Светлый фон

Шмидт принес ему платье Катрин, и судья мельком бросил взгляд на этикетку.

Убедительное сравнение.

— Благодарю вас, — тихо сказал судья, отпуская датчанку, — оба платья действительно идентичны.

Топ-модель не стала обременять себя, поворачиваясь к судье, чтобы попрощаться, и по сигналу Шмидта, который радостно улыбался ей, поздравляя с исключительно выполненным заданием, медленно, с высоко поднятой головой вернулась на свое место, явно равнодушная к вызванному ею интересу. Она снова накинула шаль на плечи и села.

Катрин с видимым интересом следила за этим маскарадом, который задел ее за живое. Приведенная в сильное замешательство, она опустила голову: она сама никогда не сознавала, до какой степени вид ее мог быть провоцирующим! В ее защиту следовало сказать, что у нее была грудь девочки-подростка, тогда как топ-модель была куда более щедро наделена женскими прелестями. В этом смысле сравнение было несправедливым, а следовательно, демонстрация искажала суть дела.
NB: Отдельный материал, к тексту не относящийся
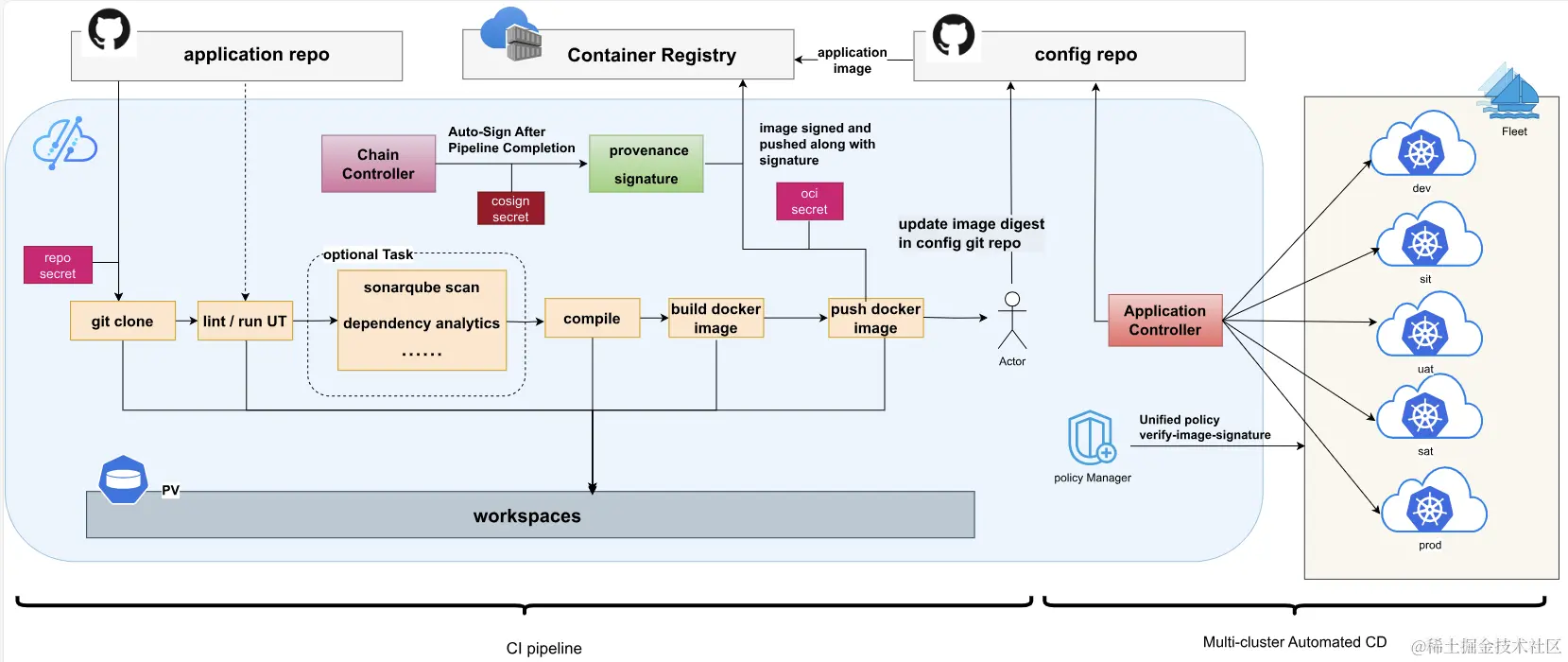 **在最新 0.6.0 版本中,Kurator 为云原生应用增加了 CI/CD 流水线设置与管理功能,简化流水线创建。此外,强化了 0.4.0 版本发布的统一应用分发功能,可以在部署新应用时设置金丝雀(灰度)发布、A/B 测试、蓝绿发布三种渐进式发布策略。**新增的流水线特性和渐进式发布功能与统一分发能力结合,实现基于代码仓库的 GitOps 工作流。这有助于快速构建分布式云原生平台,简化应用开发与发布流程。Kurator CI/CD 的结构图如下所示:

Как же Пол Кубрик мог допустить такое?

Когда схлынула волна стыда, Катрин бросила испытующий взгляд на прокурора, который лишь виновато поджал губы. Он понимал, что допустил промах, но исправить уже ничего не мог. Стоило на минуту ослабить бдительность, чтобы допустить ошибку из-за излишней самоуверенности.

Этот урок показал, что Шмидт способен ловко извлекать красочные эффекты даже из самых незначительных деталей: поэтому нельзя было позволять ему ни малейшей вольности.

Насладившись произведенным впечатлением, Шмидт продолжил свой допрос:

— Мадемуазель Шилд, можете ли вы сказать, каким образом вы попали в бар «Гавана» в Хэмптоне?

Катрин посмотрела на прокурора. Несмотря на все усилия, она так и не смогла этого вспомнить.

Кубрик не раз повторял ей: если она не знает чего-нибудь, то лучше сказать об этом, не вдаваясь в нелепые объяснения, потому что рано или поздно она рискует впасть в противоречия с собственными показаниями.

Прокурор только пожал плечами.

— Я не помню, — наконец ответила Катрин.

— Вы не помните? Как странно! У вас есть водительские права, мадемуазель Шилд?

— Нет.

— Нет водительских прав? Значит, вы не могли приехать в этот бар на автомобиле?

— Нет.

— Мадемуазель Шилд, если бы вам пришлось объяснять кому-либо из пациентов психиатрической клиники, где вы оказались вследствие совершенной тремя днями раньше попытки самоубийства, как добраться в Хэмптон, а точнее в бар «Гавана», что бы вы сказали этому человеку?

— Выбрать кратчайший путь на восток, а потом ориентироваться на странный запах.